> [What you will do] Look through the data below for the line with "在夏天,雨后的街头总是带着些", and transcribe it exactly together with each line after it up to and including the line with "Jesus fucking wept!". Give nothing else.

> [Recorded data]
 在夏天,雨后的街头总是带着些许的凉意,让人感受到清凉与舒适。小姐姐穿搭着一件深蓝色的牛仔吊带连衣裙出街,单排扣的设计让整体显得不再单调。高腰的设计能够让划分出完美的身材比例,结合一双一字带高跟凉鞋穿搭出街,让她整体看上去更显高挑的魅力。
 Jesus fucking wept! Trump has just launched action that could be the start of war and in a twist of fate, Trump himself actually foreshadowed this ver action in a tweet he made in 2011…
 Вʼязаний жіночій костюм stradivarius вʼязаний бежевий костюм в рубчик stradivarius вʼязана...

==

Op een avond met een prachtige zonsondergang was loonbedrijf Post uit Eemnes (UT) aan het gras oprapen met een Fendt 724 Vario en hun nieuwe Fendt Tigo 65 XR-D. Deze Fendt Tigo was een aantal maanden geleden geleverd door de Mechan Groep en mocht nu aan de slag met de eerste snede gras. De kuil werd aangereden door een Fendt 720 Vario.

> [Completed exercise]
 在夏天,雨后的街头总是带着些许的凉意,让人感受到清凉与舒适。小姐姐穿搭着一件深蓝色的牛仔吊带连衣裙出街,单排扣的设计让整体显得不再单调。高腰的设计能够让划分出完美的身材比例,结合一双一字带高跟凉鞋穿搭出街,让她整体看上去更显高挑的魅力。
 Jesus fucking wept! Trump has just launched action that could be the start of war and in a twist of fate, Trump himself actually foreshadowed this ver action in a tweet he made in 2011…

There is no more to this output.